Pero navidad es celebrar a Jesús, que siempre es esperanza, anuncio de tiempos nuevos, otra historia comienza a nacer, la salvación y la verdadera vida, pues en medio del dolor del mundo ha aparecido una luz, la estrella de Belén que es Jesús, guía para nuestros pasos hacia nuevos horizontes llenos de bondad y buen tiempo, tiempo de Dios, y de ser así la alegría debe volver a reinar en nosotros, pues un niño nos ha nacido: el niño Dios, el Enmanuel, el Dios con nosotros.

Este diciembre, con sus suaves temperaturas, para todos los que pasamos un año casi completo de calor en este maravilloso Caribe en el que Dios nos ha colocado, nos trae la frescura del Dios que se encarna y alivia nuestras quemaduras por lo fuerte del pecado, es brisa suave del Espíritu Santo, aquel que fecundó el vientre de la Virgen en la concepción del hijo de Dios, y ahora nos fecunda con su nacimiento, haciendo visible el misterio de la encarnación, del Dios que se hace carne y “acampa”, pone su morada entre nosotros, y no como un vacacionista que va al monte por un momento, sino como el que quiere habitar por siempre en medio de sus criaturas, en medio de todos nosotros.
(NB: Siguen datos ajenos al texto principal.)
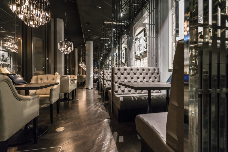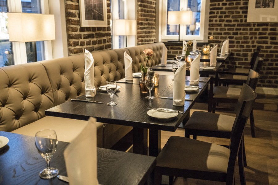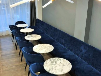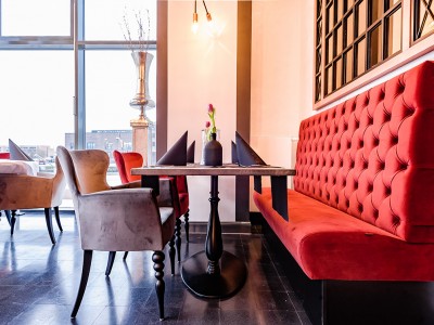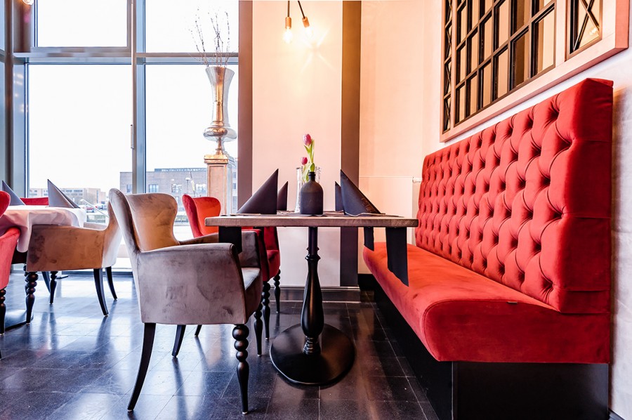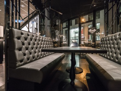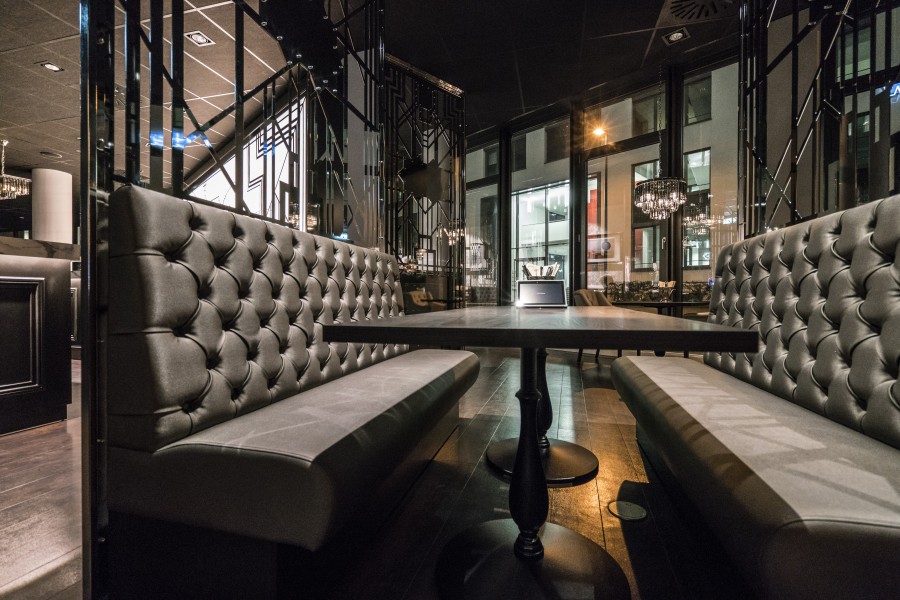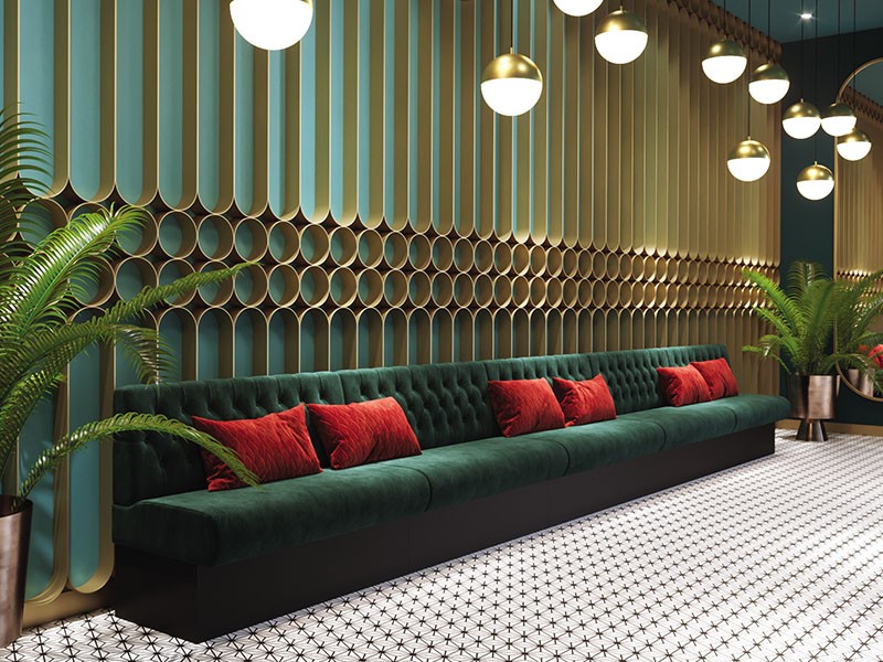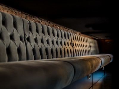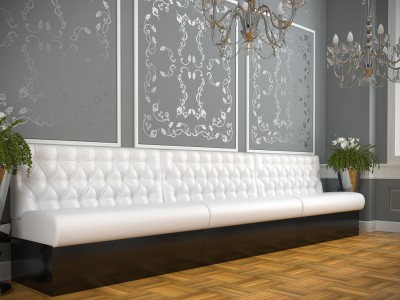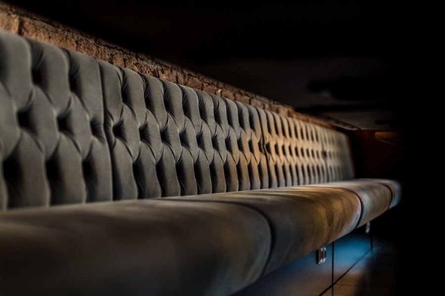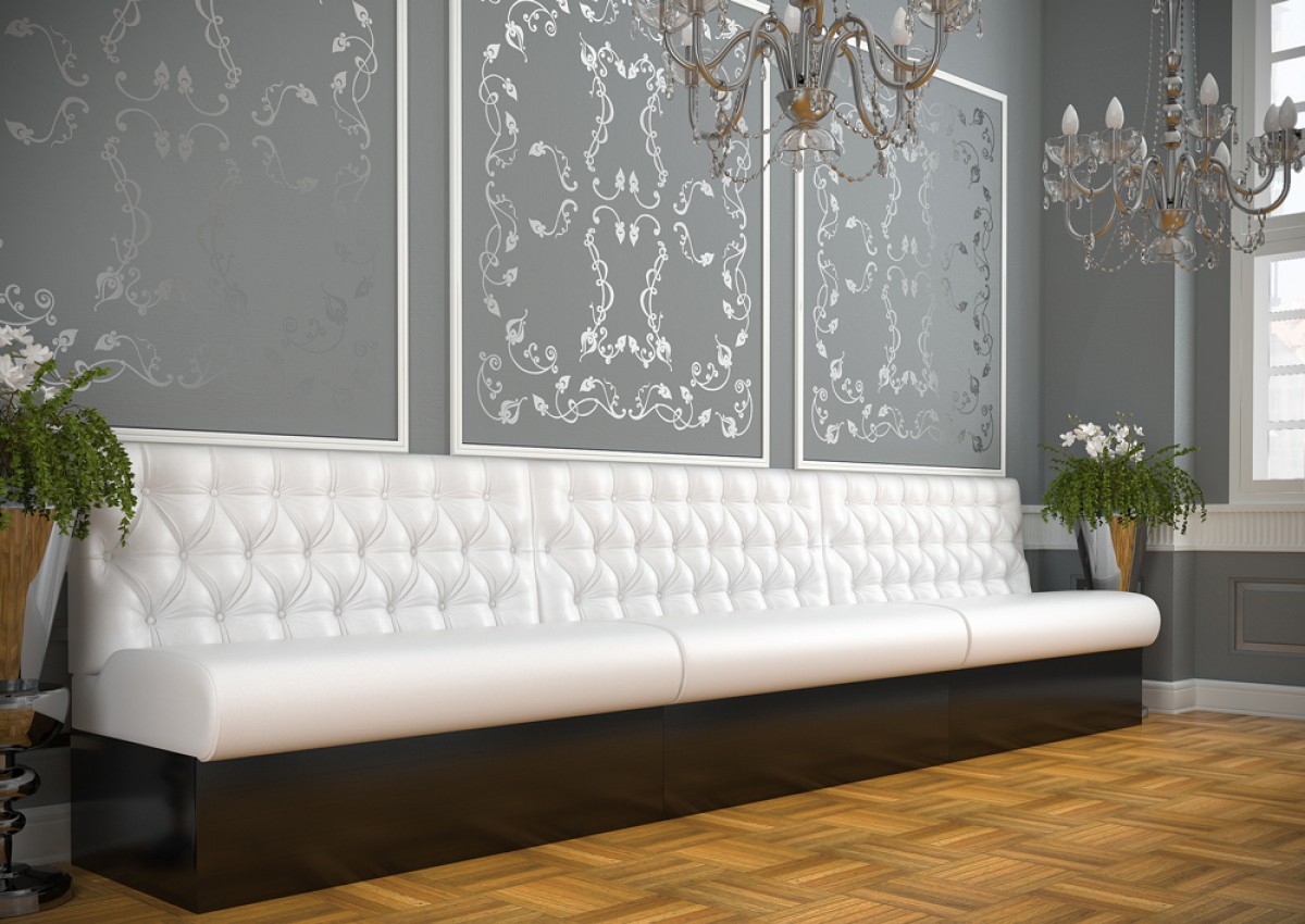 • Modular dining bench with a Chesterfield type upholstery on the backrest.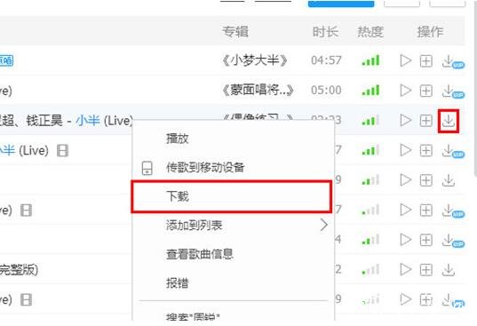 3、鼠标右键点击选择的那首歌曲,在新出现的下拉栏目中点击“下载”选项,或者直接点击歌曲右方的“下载”图标选项进行下载,在下载图标上显示蓝色VIP标识的图标则需要办理VIP会员才可以下载,如下图所示:

Son muchos los dolores acumulados a lo largo de este año que termina, pero es grata la esperanza en el nacimiento del niño Jesús, por lo tanto, debemos convertirnos en ángeles pregoneros del Salvador que ha llegado, debemos ir a los nuevos pastores del mundo que son los hombres perdidos en sus inmoralidades, los sin techo y sin empleos, los enfermos y necesitados, los inmigrantes y desprotegidos, y tantos otros que deambulan, hombres y mujeres excluidos del mundo que les pertenece, pues Dios creó para todos, pero hemos ido creando muros y no puentes, caminos y carreteras que nos unan como debe ser.

Navidad es el gran milagro de Dios al final de diciembre, pero lamentablemente queremos hacer de este tiempo una maldición consumista, que nos hace cosas y no personas, un culto a lo ridículo, que empezó en octubre, y busca opacar y hacernos olvidar lo central de este mes, que es la llegada de Dios a nosotros en la persona de Jesús. 

Vivamos con gozo y alegría verdadera este diciembre que nos trae la navidad, y con ella, la felicidad plena, total y jubilosa de parte de nuestro Dios. ¡FELIZ NAVIDAD!